Among the lines below, keep only those from the one containing "Pleated Satin Fitted Strapless Dress" through the one containing "- Specification: Black", and reproduce them exactly.

[Excerpted data Boundary: Start]

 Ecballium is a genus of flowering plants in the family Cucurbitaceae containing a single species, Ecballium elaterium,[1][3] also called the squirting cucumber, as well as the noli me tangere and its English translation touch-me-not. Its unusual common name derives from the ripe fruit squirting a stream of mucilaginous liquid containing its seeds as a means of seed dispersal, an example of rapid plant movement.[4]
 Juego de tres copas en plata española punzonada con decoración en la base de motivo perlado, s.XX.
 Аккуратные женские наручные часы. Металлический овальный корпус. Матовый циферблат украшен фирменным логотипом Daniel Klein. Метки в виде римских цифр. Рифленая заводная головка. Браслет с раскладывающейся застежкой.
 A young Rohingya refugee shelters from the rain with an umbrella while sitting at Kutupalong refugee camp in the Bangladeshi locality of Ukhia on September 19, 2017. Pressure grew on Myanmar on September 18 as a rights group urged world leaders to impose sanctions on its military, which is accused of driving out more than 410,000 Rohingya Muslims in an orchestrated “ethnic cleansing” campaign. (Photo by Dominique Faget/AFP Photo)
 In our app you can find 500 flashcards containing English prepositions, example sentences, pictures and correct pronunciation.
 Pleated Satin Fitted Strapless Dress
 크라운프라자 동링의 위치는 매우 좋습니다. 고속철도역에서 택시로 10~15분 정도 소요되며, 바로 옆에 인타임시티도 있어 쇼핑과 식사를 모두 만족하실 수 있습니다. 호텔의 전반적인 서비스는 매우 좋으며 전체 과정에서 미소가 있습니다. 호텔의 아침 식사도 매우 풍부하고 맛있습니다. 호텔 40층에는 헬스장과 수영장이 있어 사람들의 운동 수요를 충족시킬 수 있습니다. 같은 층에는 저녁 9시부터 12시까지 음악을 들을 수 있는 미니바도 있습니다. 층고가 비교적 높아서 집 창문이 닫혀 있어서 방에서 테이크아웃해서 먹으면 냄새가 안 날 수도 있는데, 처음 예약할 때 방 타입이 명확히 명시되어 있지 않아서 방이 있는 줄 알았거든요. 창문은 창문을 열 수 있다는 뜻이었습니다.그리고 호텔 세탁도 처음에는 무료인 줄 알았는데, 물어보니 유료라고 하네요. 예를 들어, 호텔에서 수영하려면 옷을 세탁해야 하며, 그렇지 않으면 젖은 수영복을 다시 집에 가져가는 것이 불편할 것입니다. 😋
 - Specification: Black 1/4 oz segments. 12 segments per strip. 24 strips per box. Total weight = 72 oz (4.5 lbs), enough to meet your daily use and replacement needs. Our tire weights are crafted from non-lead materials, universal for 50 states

[Excerpted data Boundary: End]
[Excerpted data Boundary: Start]

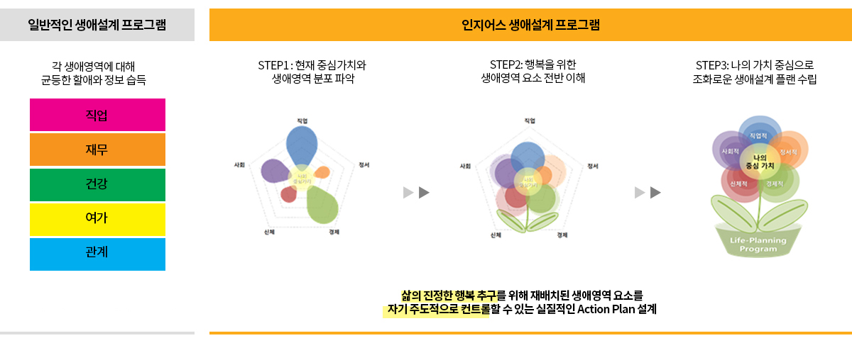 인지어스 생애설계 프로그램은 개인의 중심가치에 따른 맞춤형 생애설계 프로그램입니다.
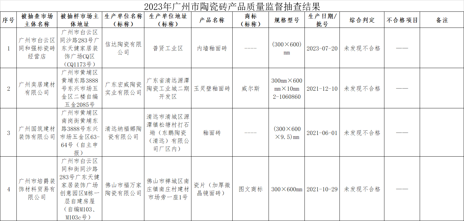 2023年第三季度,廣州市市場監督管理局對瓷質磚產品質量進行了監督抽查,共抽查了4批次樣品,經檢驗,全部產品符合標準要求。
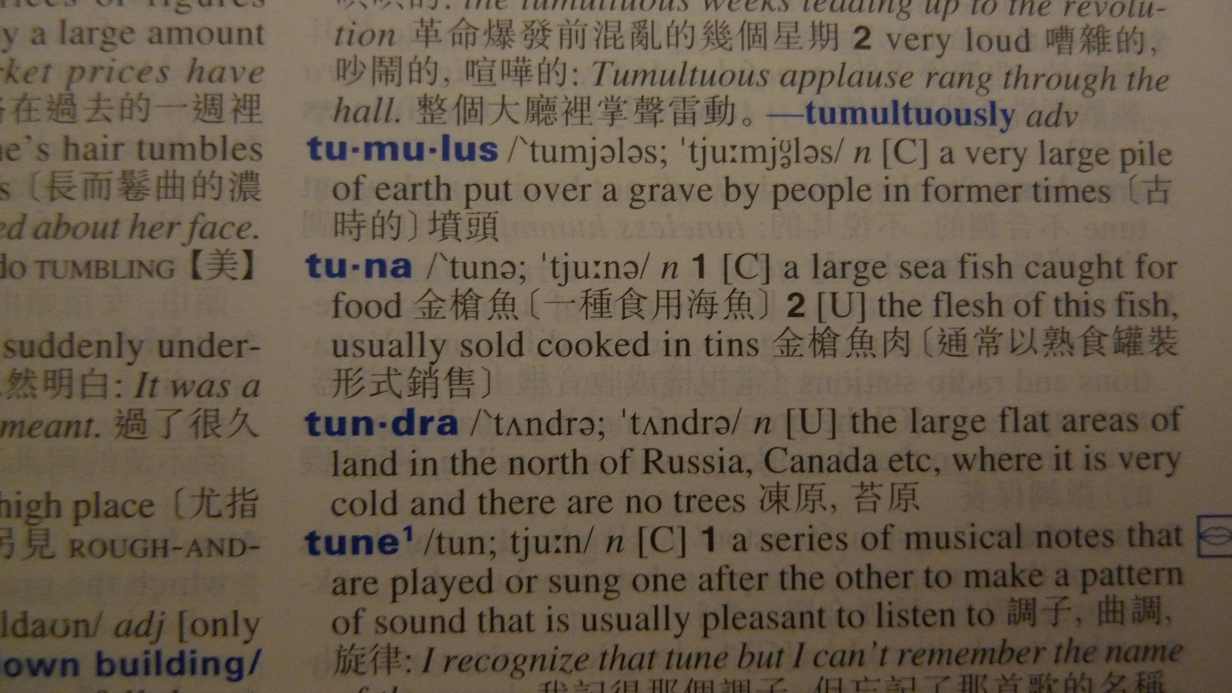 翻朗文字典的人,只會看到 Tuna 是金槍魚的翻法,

[Excerpted data Boundary: End]
[Excerpted data Boundary: Start]

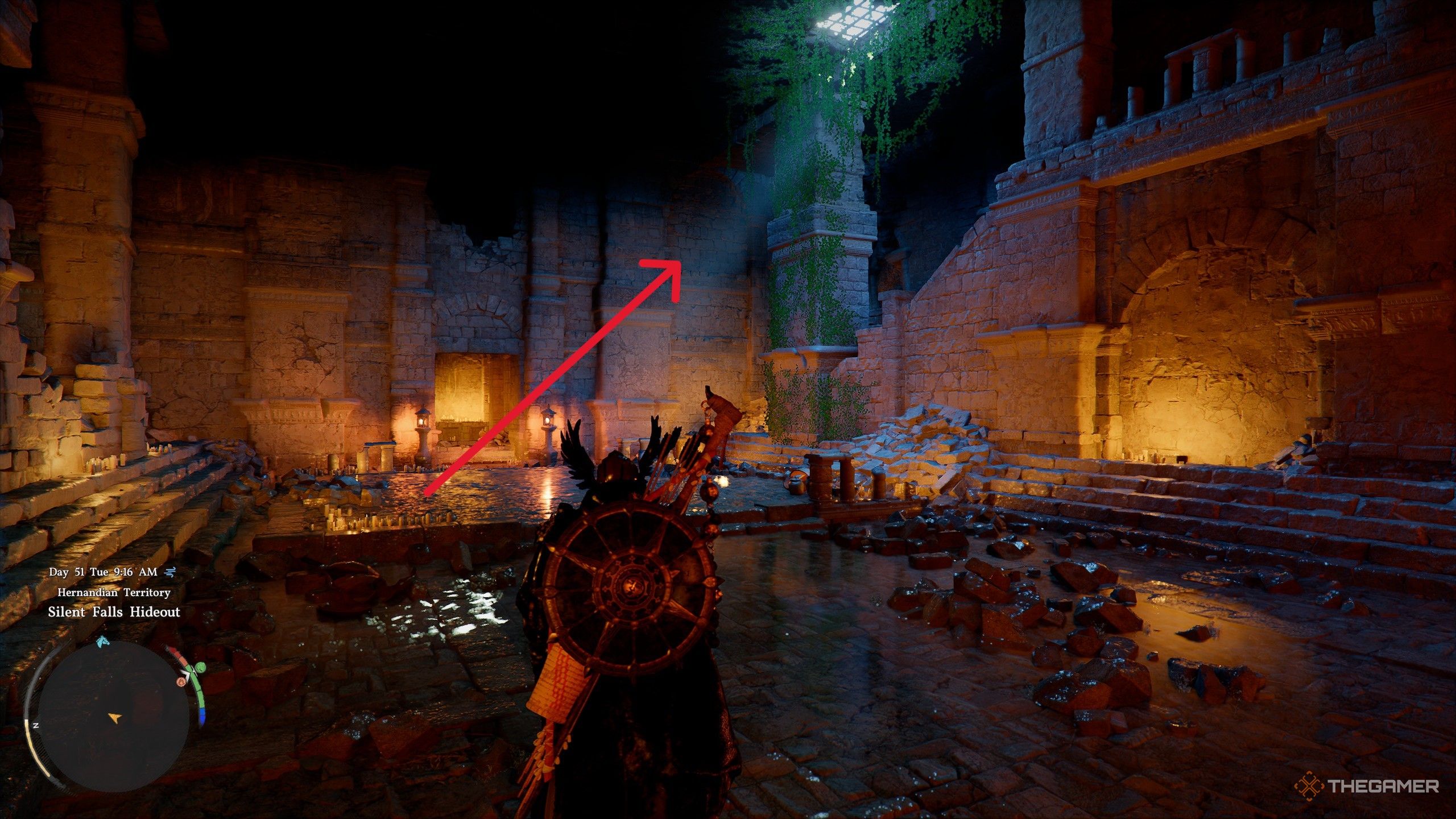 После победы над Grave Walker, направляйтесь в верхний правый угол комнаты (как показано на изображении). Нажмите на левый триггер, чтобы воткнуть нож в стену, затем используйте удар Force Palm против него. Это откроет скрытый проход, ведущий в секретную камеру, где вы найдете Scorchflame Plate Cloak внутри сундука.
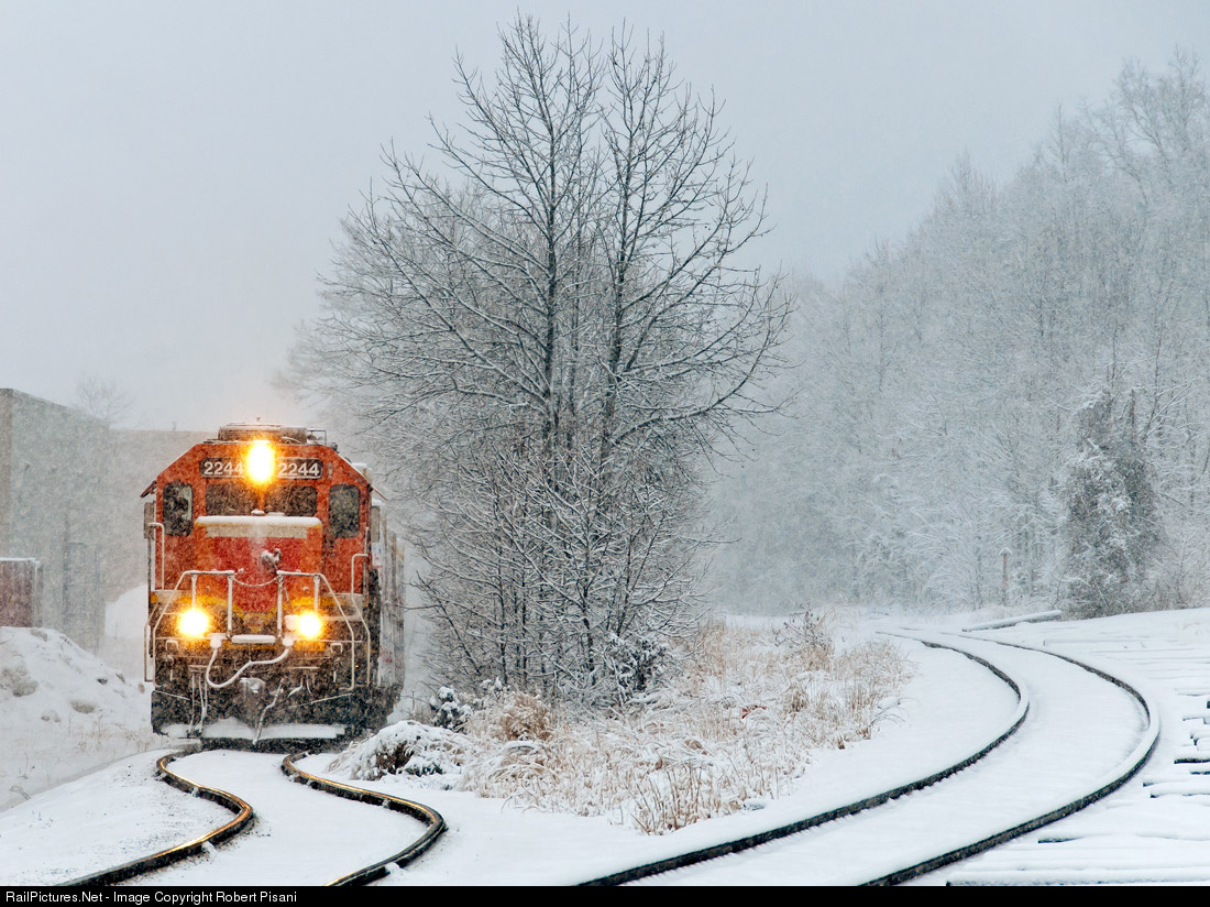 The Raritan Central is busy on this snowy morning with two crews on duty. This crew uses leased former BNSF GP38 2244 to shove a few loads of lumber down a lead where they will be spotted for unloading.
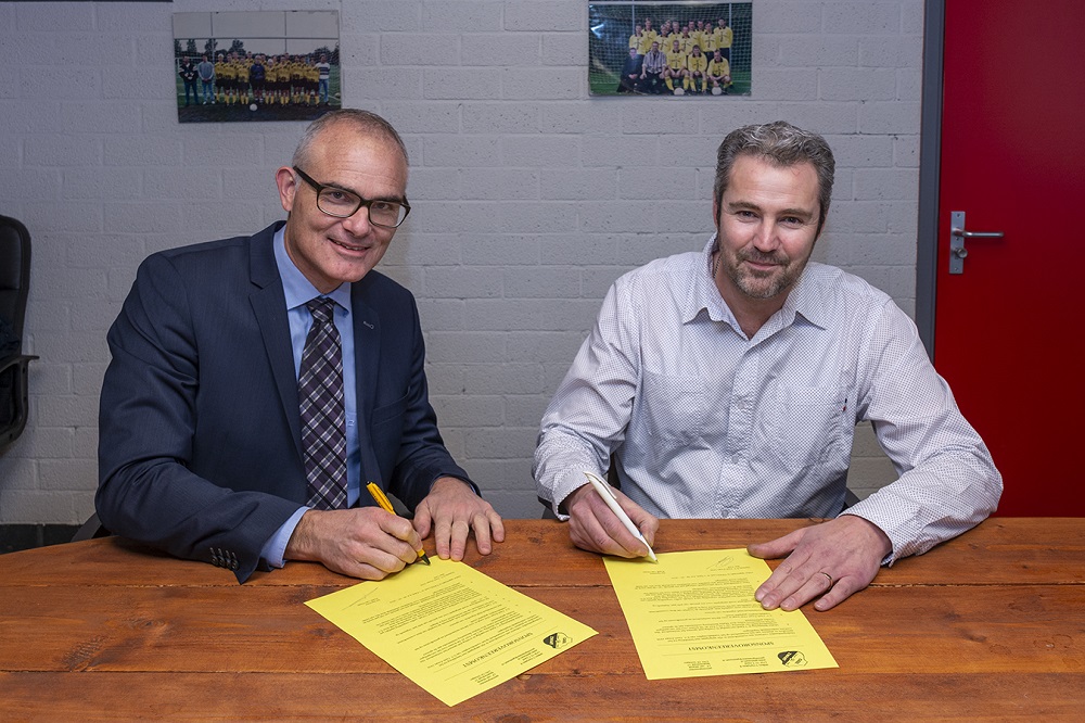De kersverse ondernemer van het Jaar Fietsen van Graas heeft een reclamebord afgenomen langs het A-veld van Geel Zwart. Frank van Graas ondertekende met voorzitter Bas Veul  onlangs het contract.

[Excerpted data Boundary: End]

• [Your solution]:
 Pleated Satin Fitted Strapless Dress
 크라운프라자 동링의 위치는 매우 좋습니다. 고속철도역에서 택시로 10~15분 정도 소요되며, 바로 옆에 인타임시티도 있어 쇼핑과 식사를 모두 만족하실 수 있습니다. 호텔의 전반적인 서비스는 매우 좋으며 전체 과정에서 미소가 있습니다. 호텔의 아침 식사도 매우 풍부하고 맛있습니다. 호텔 40층에는 헬스장과 수영장이 있어 사람들의 운동 수요를 충족시킬 수 있습니다. 같은 층에는 저녁 9시부터 12시까지 음악을 들을 수 있는 미니바도 있습니다. 층고가 비교적 높아서 집 창문이 닫혀 있어서 방에서 테이크아웃해서 먹으면 냄새가 안 날 수도 있는데, 처음 예약할 때 방 타입이 명확히 명시되어 있지 않아서 방이 있는 줄 알았거든요. 창문은 창문을 열 수 있다는 뜻이었습니다.그리고 호텔 세탁도 처음에는 무료인 줄 알았는데, 물어보니 유료라고 하네요. 예를 들어, 호텔에서 수영하려면 옷을 세탁해야 하며, 그렇지 않으면 젖은 수영복을 다시 집에 가져가는 것이 불편할 것입니다. 😋
 - Specification: Black 1/4 oz segments. 12 segments per strip. 24 strips per box. Total weight = 72 oz (4.5 lbs), enough to meet your daily use and replacement needs. Our tire weights are crafted from non-lead materials, universal for 50 states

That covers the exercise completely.